One of the courses I teach is the standard Microsoft 70-483 exam preparation course. For some reason, the exam still has questions about how the BinaryFormatter and SoapFormatter components work (I'm not even going to try to guess why), so the training material also discusses the related concepts in detail.

The course goes on and on about how these formatter-serializers work: discussing the usual attributes like SerializableAttribute and NonSerializedAttribute, then goes on to discuss the ISerializable interface, serializer surrogates and binders, the serialization-cycle handling attributes like OnSerializingAttribute, and finally IFormmatter, the base interface for all formatters. And then comes an example to implement the IFormatter interface for the ini-format — without having even the smallest regard to the concepts and algorithm discussed just 10 minutes before during the course. No checking for the attribute, no checking the ISerializable interface, no "lifecycle-methods", nothing. Just a basic implementation using FormatterServices. And this doesn't help the students understand the role of the discussed concepts at all. Not only that, but it actually confuses them by omitting these from the process.
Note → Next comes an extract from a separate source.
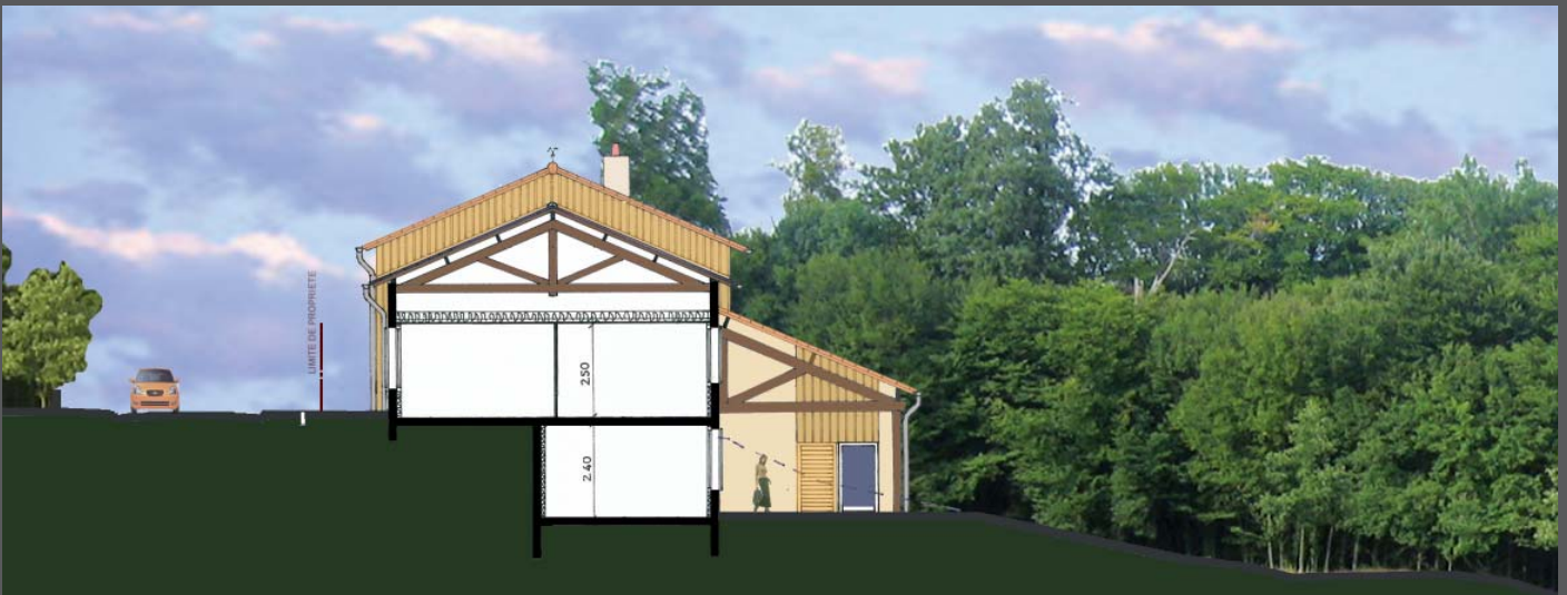
Coupe transversale sur bâtiment et terrain

So I decided to create a more comprehensive implementation to show how the related API works. The full code can be accessed as one of my gists. Here's a breakdown of how it works.
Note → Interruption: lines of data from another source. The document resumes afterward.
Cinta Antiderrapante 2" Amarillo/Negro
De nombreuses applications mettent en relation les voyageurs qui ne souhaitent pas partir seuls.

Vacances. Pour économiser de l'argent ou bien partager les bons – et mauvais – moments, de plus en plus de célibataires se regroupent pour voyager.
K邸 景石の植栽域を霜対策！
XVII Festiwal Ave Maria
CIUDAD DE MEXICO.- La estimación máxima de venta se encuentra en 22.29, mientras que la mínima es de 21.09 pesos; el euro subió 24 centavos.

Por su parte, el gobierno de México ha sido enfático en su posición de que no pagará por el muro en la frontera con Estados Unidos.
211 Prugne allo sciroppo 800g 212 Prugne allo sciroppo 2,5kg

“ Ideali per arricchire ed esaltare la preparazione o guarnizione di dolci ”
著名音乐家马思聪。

Implementing the IFormatter

Implementing the IFormatter at a high level is actually pretty easy: you need the binder, the streaming context, the surrogate selector, and a method to serialize and another to deserialize:

public class IniFormatter
{
    public ISurrogateSelector SurrogateSelector { get; set; }
    public StreamingContext Context { get; set; }
    public SerializationBinder Binder { get; set; }
    
    public void Serialize(Stream serializationStream, object graph)
    {
      throw new NotImplementedException();
    }

    public object Deserialize(Stream serializationStream)
    {
      throw new NotImplementedException();
    }
}

Of course, the tricky part is implementing the methods. I haven't had the time yet to implement the deserialization properly, but the serialization works pretty well.
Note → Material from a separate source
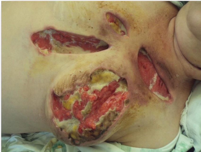
Рисунок 7. Вид раневого процесса на 6 сутки, после проведенной некрэктомии.

Локальная санация продолжалась с применением мази Офломелид, двухкратно в день. На 10 сутки пациента была выписана на амбулаторное лечение в удовлетворительном состоянии, с вялогранулирующей раной и рекомендациями по дальнейшему ведению раневого процесса.

Implementing serialization

So the basic algorithm to implement serialization is not that hard, but you have to account for all the possible APIs that can do the actual serialization.

  1. Check to see if there is a surrogate defined in the formatter for the type. If so, use that.
  2. Check to see if the object to be serialized is serializable and implements ISerializable. If so, call its own implementation through that.
  3. Check to see of the object to be serialized is serializable. If so, use FormatterServices.
  4. Don't forget to call the lifecycle methods.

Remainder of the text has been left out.